[MATERIAL PROVIDED Boundary: Start]

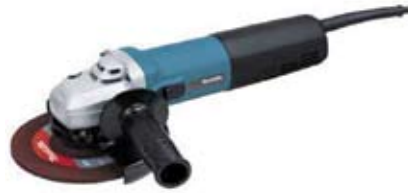
Part No. 9566CV
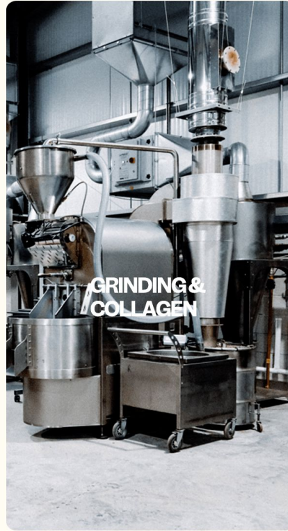
GRINDING & COLLAGEN

Selected beans are roasted in batches with precise temperature & timing control to develop the unique flavour profile. After reaching desired roast level beans are then cooled to halt roasting process & preserve flavour compounds.
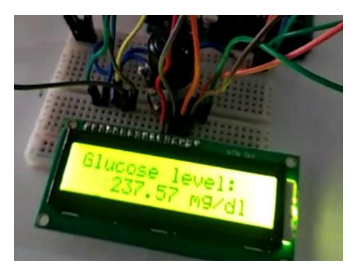
Figure 5: Glucose concentration being seen in the LCD.
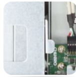
Tool-less lock for 5.25" bays
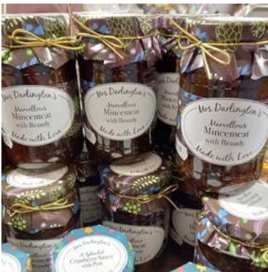
Mrs Darlington's Mincemeat with Brandy
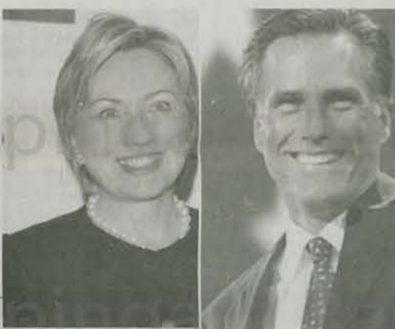
Sen. Hillary Clinton (D-NY) and Massachusetts Governor Mitt Romney from the GOP have emerged early as top fundraisers.

touring Iraq, told The Associated Press that he remained "cautiously optimistic" despite the low numbers.
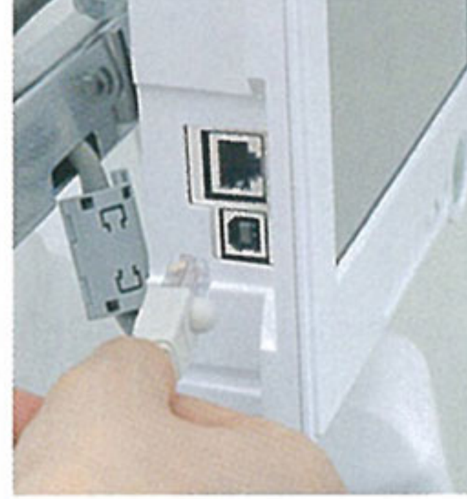
LAN/USB Connection Ports For optional live PC connection for design transfer/setup/management
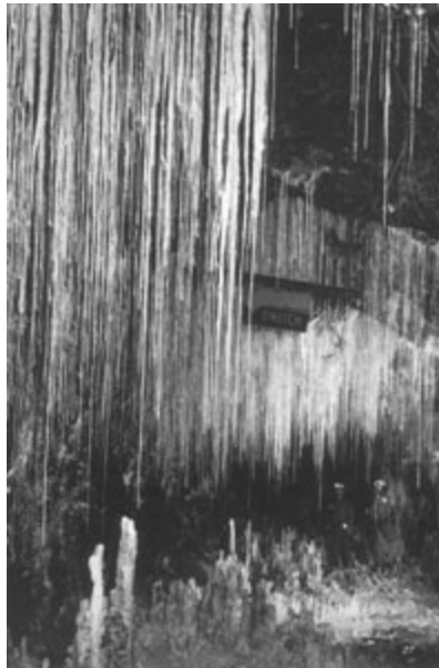
In a 55 year old mine

Over vast ages under these conditions, the peat supposedly metamorphoses into coal.” The problem is, it does not happen that way. Peat that does accumulate in swamps “appears nothing like coal”.
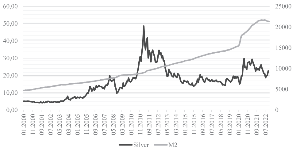
Figure 2. Silver price and USD supply measured by M2

In the case of silver market analysis, another indicator that may be important in determining the impact of external and non-market factors on its price is the money supply as measured by aggregate M2 (cash in circulation and deposits) in the United States (Figure 2).
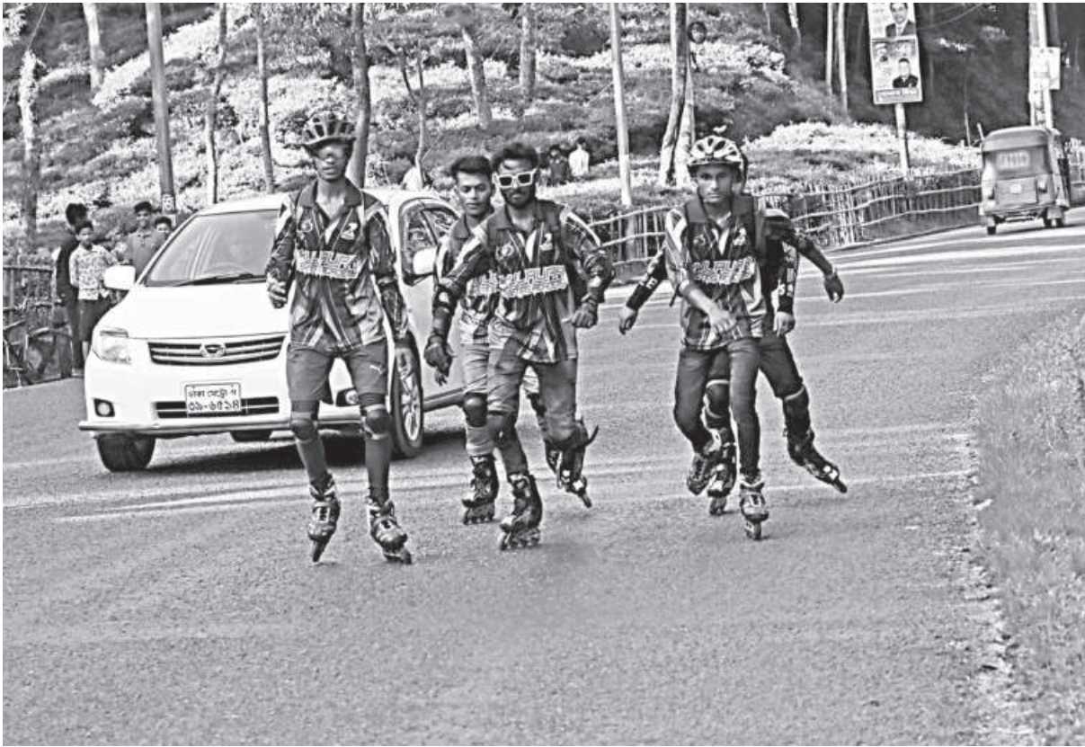
Skating has become popular among the young people of Sylhet who are often seen enjoying the sport in groups, especially during weekends. However, due to a lack of facilities, skaters have to take to the streets among speeding vehicles which poses a serious risk of accidents. The photo was taken on the city's Airport Road recently.
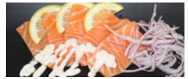
Salmon Carpaccio (5pcs) $16.99
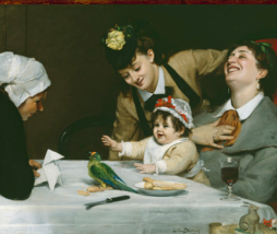
3 Courtyard 1 Merrymakers, Carolus-Duran
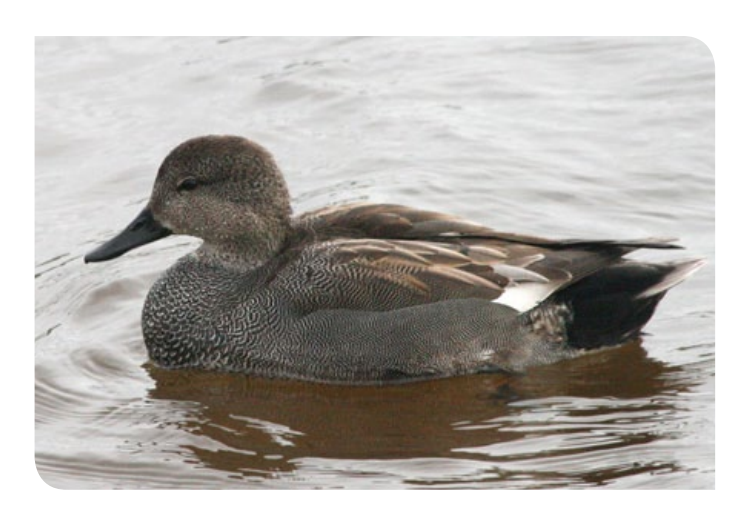
Gadwall Mareca strepera

[MATERIAL PROVIDED Boundary: End]

* [PROBLEM DESCRIPTION]: Which of the lines in the listing above include "supply"? Report each of them.

* [EXERCISE RESPONSE]:
Figure 2. Silver price and USD supply measured by M2
In the case of silver market analysis, another indicator that may be important in determining the impact of external and non-market factors on its price is the money supply as measured by aggregate M2 (cash in circulation and deposits) in the United States (Figure 2).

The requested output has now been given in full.